How to design a classifier

In the present study, we showed that stripped down and slightly modified versions of seven different classification algorithms from the literature can be used to produce very similar fixation duration distributions from two different eye-tracking data sets. The trick is to use a classifier that is sensitive enough followed by selection rules that remove small and short saccades (< 1.0) and subsequently remove short fixations (< 60 ms). We showed that selection is an important process and that researchers should not worry too much about their classification algorithm as long as it is sensitive enough.

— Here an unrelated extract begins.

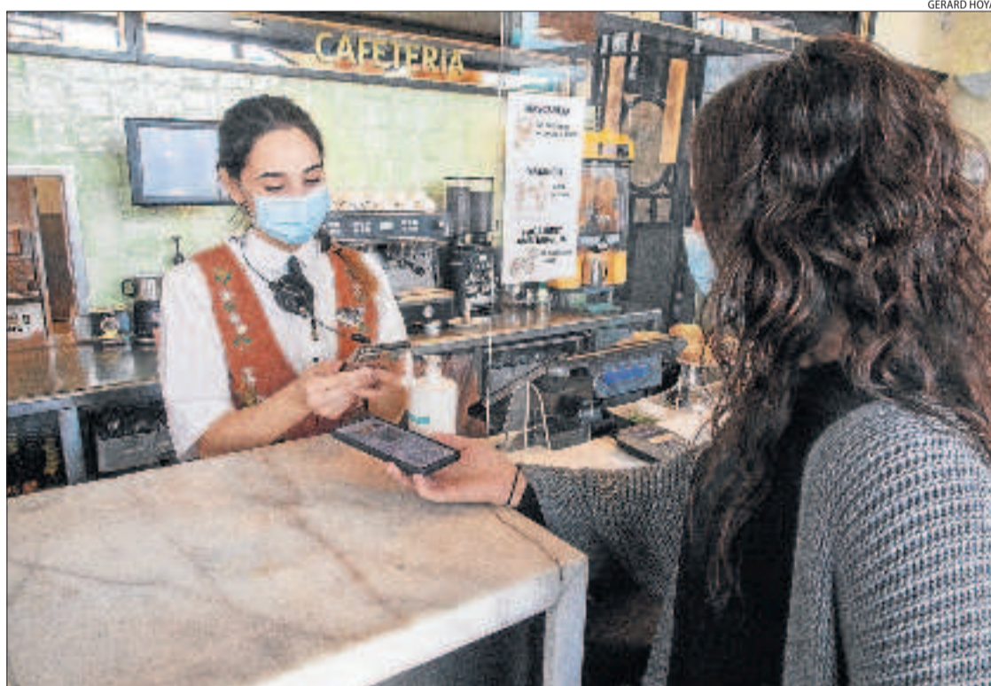
Ahir va ser l'últim dia en què els restaurants havien de demanar el certificat Covid.

Only if a researcher uses data of low quality (e.g., precision between 1 and 2.5), the I2MC classifier should be considered because the other methods cannot deal with eye-tracking data of low precision. How does a researcher know whether the current classifier is sensitive enough? Or how does a researcher know whether the quality of eye-tracking data is so good, that he should not consider using I2MC? The answer is simple: extensive manual inspection of the gaze signal with the classifications plotted on top should be a standard procedure for researchers to decide how to classify their fixations. Depending on the quality of the eye-tracking data, a researcher may also decide to use the method of Abdulin et al., (2017) to remove what they refer to as “rapid irregularly oscillating noise of the eye position signal”. In the present study, this happened to be an effective method to clean up eye-tracking data from the SMI RED250.

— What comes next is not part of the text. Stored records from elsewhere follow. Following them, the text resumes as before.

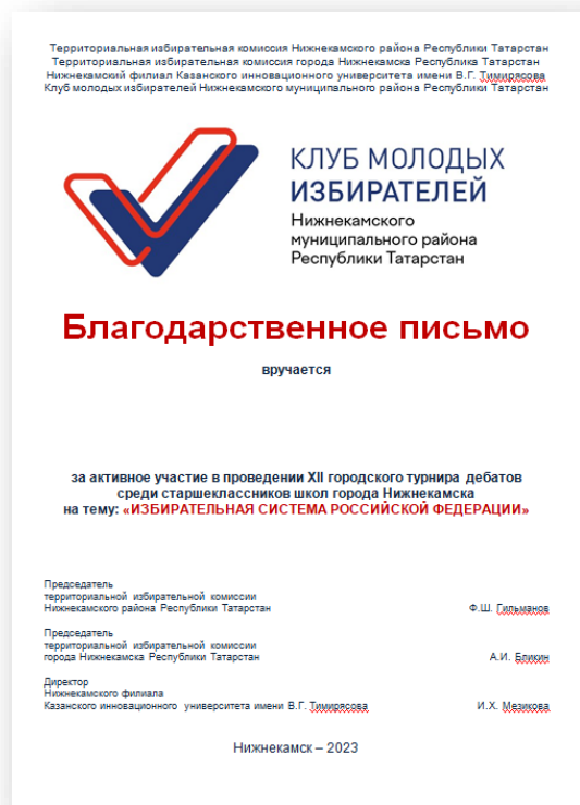
Рис. 9. Образец сертификата за участие в турнире учащихся старших классов школ города Нижнекамска по дебатам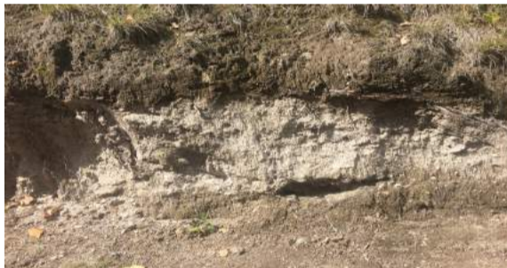
下野幌神社脇の支笏火砕流の露頭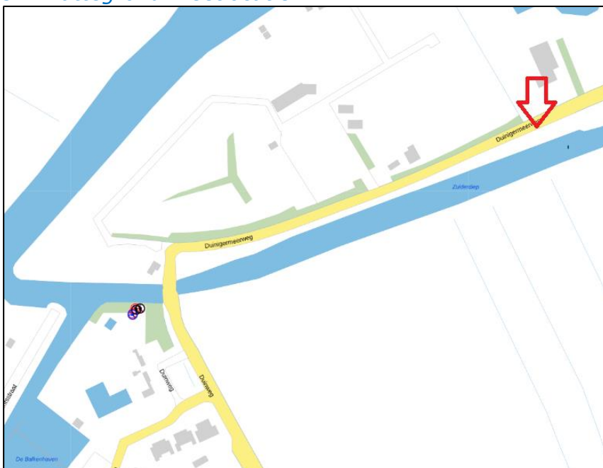
Figuur 2: Weergave van het Antenneregister

Advantages of our implementations of existing algorithms

What is the difference between our implementations of the classification algorithms with selection rules at the end, versus an algorithm with all these selection rules baked-in or implicit to the algorithm? Is it only a difference in transparency? Probably, but transparency is not a goal in itself. Researchers should know their eye-tracking data, their classifiers (and settings) and should be aware of the effect of the selection rules as a function of their parameters. Researchers should have a clear idea what they expect from their classification (including selection). It does not matter whether they use closed-source, published or our implementations of existing classifiers. A deviation from the expected outcome (e.g., an unexpectedly high number of small saccades and/or short fixations should make a researcher cautious and willing to inspect the eye tracker signals with classifications plotted on top. Our implementations have at least two properties that make them preferable over the originals in our opinion: 1) they accept episodes of data loss and deal with them without interpolation and 2) they are fed with biophysically and physiologically relevant parameters that can be inspired by or found in the literature (e.g., span of the fovea, relations between amplitude, duration, and velocity of saccades). We also introduced I2MW (designed in a 10-min group discussion between the authors) that performs equally well as many of the more fancy algorithms. I2MW does not contain any “magic” and has only a few easy to adjust parameters. We recommend that researchers look at their gaze signal. Researchers should always report whether they performed selection and if they do, they should report the values of their parameters.

Conclusions

Selection rules play an important role in merging and selecting fixation candidates. For eye-tracking data with good to moderate precision (RMSD < 0.5), the classification algorithm of choice does not matter too much as long as it is sensitive enough. Two selection rules with minimal saccade amplitude (Amin = 1.0) and minimal fixation duration (Tmin = 60 ms) give remarkably good results in two representative eye-tracking data sets. Researchers should always report whether they performed selection and report what parameters they used.